Instinctively, Jeremiah Mock reached down for the tourniquet he kept in the left cargo pocket of his Army uniform. But it wasn't there.
This wasn't war - he'd been to war three times and survived five car bomb attacks without so much as a scratch. This was breakfast at Carson City IHOP which had turned into a combat zone when a lone gunman entered and opened fire.
Wrapping up a business breakfast with fellow officers of the Joint Force Headquarters Unit, Mock never saw it coming. With his back to the front door, he didn't see the gunman, nor did he hear the shots over the din of the restaurant and the construction outside.
He just felt an excruciating pain suddenly race up his right arm. He doubled over to grab his elbow, likely dodging the second round of gunfire that killed three of his companions.
When he looked up, he saw the kind of massacre he'd only seen in a war zone.
Mock slid to the floor and tied off his arm with his belt. And as he lay in his own blood on the restaurant floor, amid cries of panic and horror, one thought kept returning.
"I need to get this arm fixed so I can hold my boys," he said. "I just want to hold my wife and boys again."
•••
Sgt. 1st Class Mock, 32, had returned home at the end of June from a 10-month deployment to Afghanistan - his third combat tour. It was his first as a soldier in the Nevada National Guard, but he'd served a previous tour there while enlisted in the U.S. Army and another to Iraq.
He was no stranger to bloodshed. He'd witnessed gruesome death before, and wore a bracelet in honor of his friend Spc. Justin Herbert who was killed in Afghanistan in 2003.
Mock took two months of leave when he returned, giving himself time to adjust to life at home and to help his wife with the two boys, one of whom was born while he was away.
He started work Sept. 1 and on Sept. 6, joined fellow members of the team for a breakfast meeting at IHOP to plan a family day to coincide with drill that weekend.
The group members - Maj. Heath Kelly, Master Sgt. Christian Riege, Sgt. 1st Class Miranda McElhiney, Sgt. Cait Kelley and Mock - had paid the bill and were getting ready to leave when Eduardo Sencion, 32, opened fire with an assault rifle.
The five National Guardsmen were among 11 shot before Sencion killed himself.
Although losing a dangerous amount of blood, Mock concentrated on trying to keep everyone calm. He knew Sgt. Cait Kelly, who had been struck in the foot, was close to panic.
"I just tried to keep Sgt. Kelly from looking back at the table," he said. "She didn't need to look back at the table."
He kept her calm by assigning tasks: Tighten the belt around his arm, tie a belt around the leg of Wally Gunderson, who'd also been shot and whose wife, Florence, was killed.
•••
Healing from a humerus bone shattered in 11 places, Mock has found a way to cope with the devastation.
Like with his war experiences, he's found it helps to talk.
"People want to know what happened," he said. "And you're getting it out there. That helps a lot with the recovery."

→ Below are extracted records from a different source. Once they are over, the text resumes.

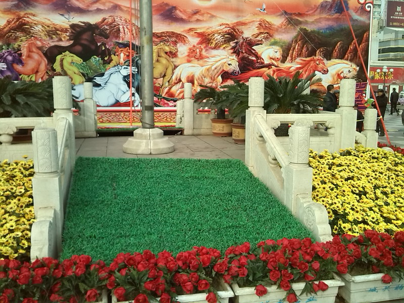由于现在是春节期间,所以广场上也是十分热闹的,并且也十分漂亮。虽然现在是冬天,但广场上有好多地方都插满了花,花也十分繁多美丽。
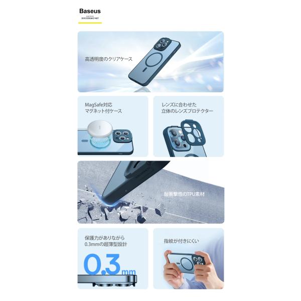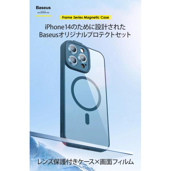 Baseus iPhone14 ケース クリア おしゃれ 耐衝撃 フィルム レンズ保護 クリアケース MagSafe 対応 人気 薄型 軽量 iphoneカバー 指紋防止 【ARJT】
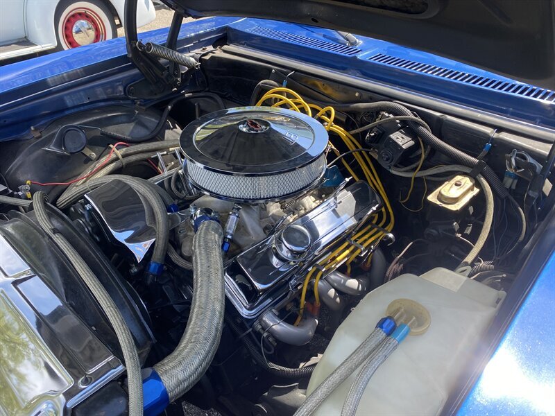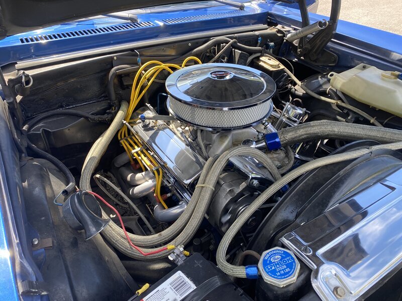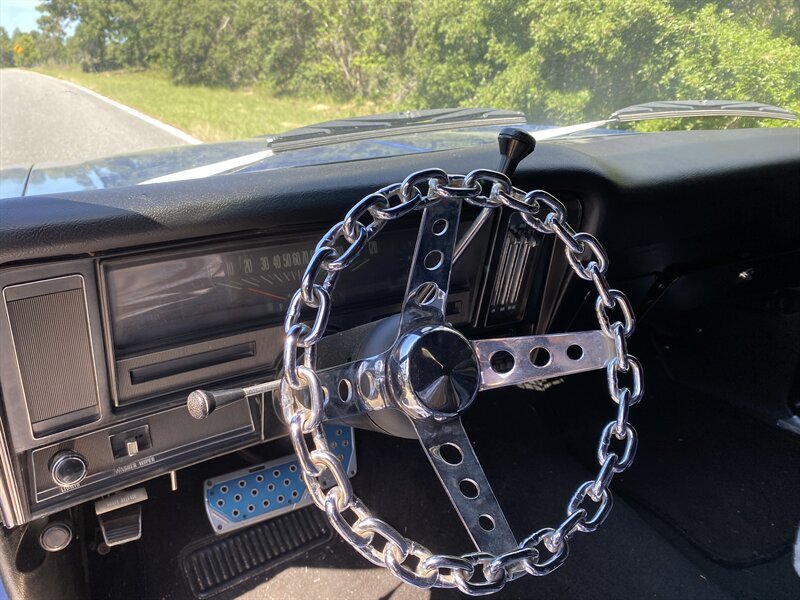 Under the hood is a rebuilt 350 CID V-8 engine with dual exhausts. The motor is backed by a Turbo Hydramatic 350 three-speed automatic transmission with a shift kit. Driver convenience features include power steering and Hella fog lights. This car has four-wheel drum brakes.
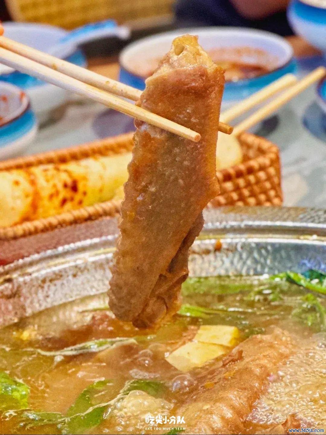 重庆开来的串串店,对重庆老店的规复度极高:现炒底料+小土碗牌号菜+别家稀有的串串+古早味环境。用的是重庆暖锅的同款牛油锅底,锅底上桌现炒。店里的菜品以小土碗菜为主,耙牛肉、肥肠、鲜鸭血都很保举。
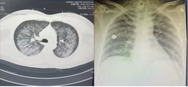 左圖12月8日胸部CT,右圖12月14日床旁胸片
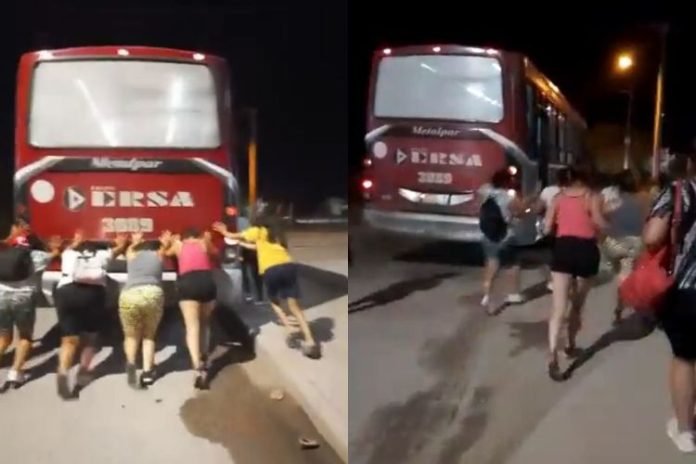 Un grupo de pasajeros, en su mayoría mujeres, empujaron al interno 3089 de ERSA en Córdoba (Villa Angelelli) para que arrancara…¡y arrancó!

But some details he doesn't share.
"Some of it people just don't need to know, and aren't ready to know," he said.
He's grateful to friends and family who offered support during his recovery. His wife's co-workers organized a schedule to provide meals, Army buddies flew in to help, neighbors took care of the lawn.
And he has nothing but praise for the first responders.
"If I ever had to go through the emergency room again," he said, "I'd want it to be at Carson Tahoe."
He still doesn't have full range of motion in his arm and can only work a couple of days a week, but is putting the tragedy behind him.
"One day doesn't define everything," he said. "I put it in perspective. For some reason, I was not chosen that day to leave. I'll never forget, but I'll use that experience to better myself as a person and keep moving."
Although he did not succumb to fear, he has changed some of his habits.
"I'll never sit with my back to the door again," he said.
And the bracelet he always wore in memory of his fallen comrade was lost during the attack. He recovered it from the sheriff's department, but it is too painful to place it on his wrist.
Instead, he said, he keeps it on the night stand beside his bed.
"Now, it's a reminder of everybody we've lost," he said. "It keeps me grounded."
Mock knows people look to him as a symbol of hope and resiliency, especially those who lost a loved one in the attack. And he offers his support to them.
"If that's what helps people get by, I'm good with that," he said.
He admits he has tough moments, but works to get through them.
"I've still got two boys to raise," he said. "I've got to be there for them."